**ACTIVITY**
An exact copy of each line below is needed, with no images in it.

**COLLECTED DATA**
* * * * * * * * *

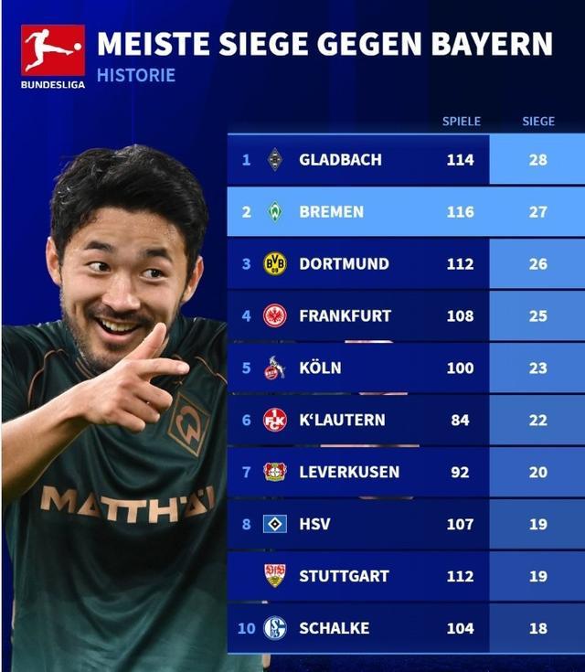 直播吧9月25日宣 德转数据统计,门兴是在德甲历史上赢下拜仁次数最多的球队,今晚对阵拜仁的不莱梅第二。
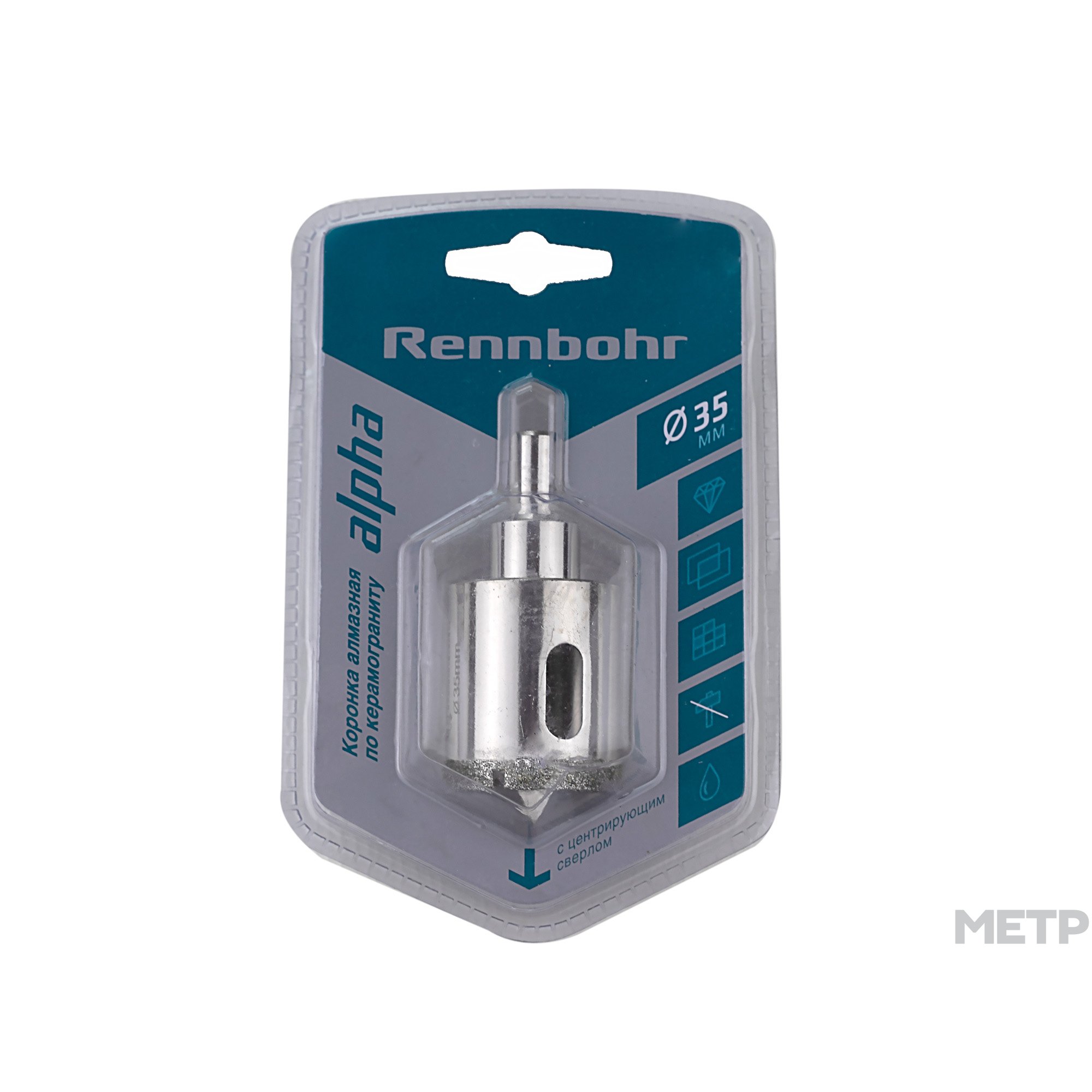 Коронка RENNBOHR Alpha 35 мм по керамике отличается высокой режущей способностью и износостойкостью. При помощи инструмента можно аккуратно вырезать круглое отверстие, не повредив строительный материал. Часто такая работа выполняется в ванной комнате, когда осуществляется прокладка коммуникаций.
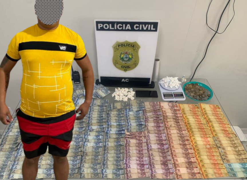 Na ocasião foi localizado e apreendido na residência do autor certa quantidade de entorpecente do tipo cocaína e também oxidado de cocaína, motivo pelo qual o homem recebeu voz de prisão, sendo conduzido à Delegacia de polícia civil, onde foi apresentado em perfeitas condições físicas.
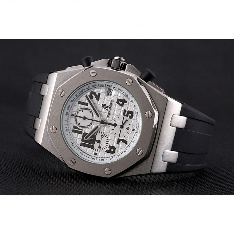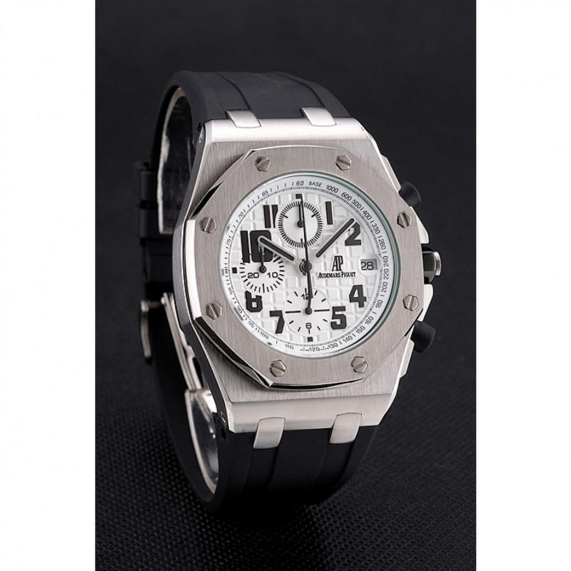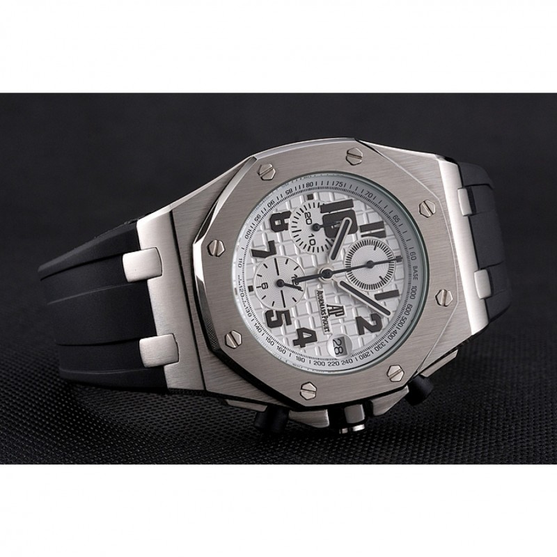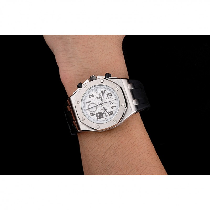 Audemars Piguet Royal Oak Offshore quadrante bianco Cassa in acciaio nero cinturino in caucciù

* * * * * * * * *

**ANSWER TO THIS PROBLEM**
 直播吧9月25日宣 德转数据统计,门兴是在德甲历史上赢下拜仁次数最多的球队,今晚对阵拜仁的不莱梅第二。
 Коронка RENNBOHR Alpha 35 мм по керамике отличается высокой режущей способностью и износостойкостью. При помощи инструмента можно аккуратно вырезать круглое отверстие, не повредив строительный материал. Часто такая работа выполняется в ванной комнате, когда осуществляется прокладка коммуникаций.
 Na ocasião foi localizado e apreendido na residência do autor certa quantidade de entorpecente do tipo cocaína e também oxidado de cocaína, motivo pelo qual o homem recebeu voz de prisão, sendo conduzido à Delegacia de polícia civil, onde foi apresentado em perfeitas condições físicas.
 Audemars Piguet Royal Oak Offshore quadrante bianco Cassa in acciaio nero cinturino in caucciù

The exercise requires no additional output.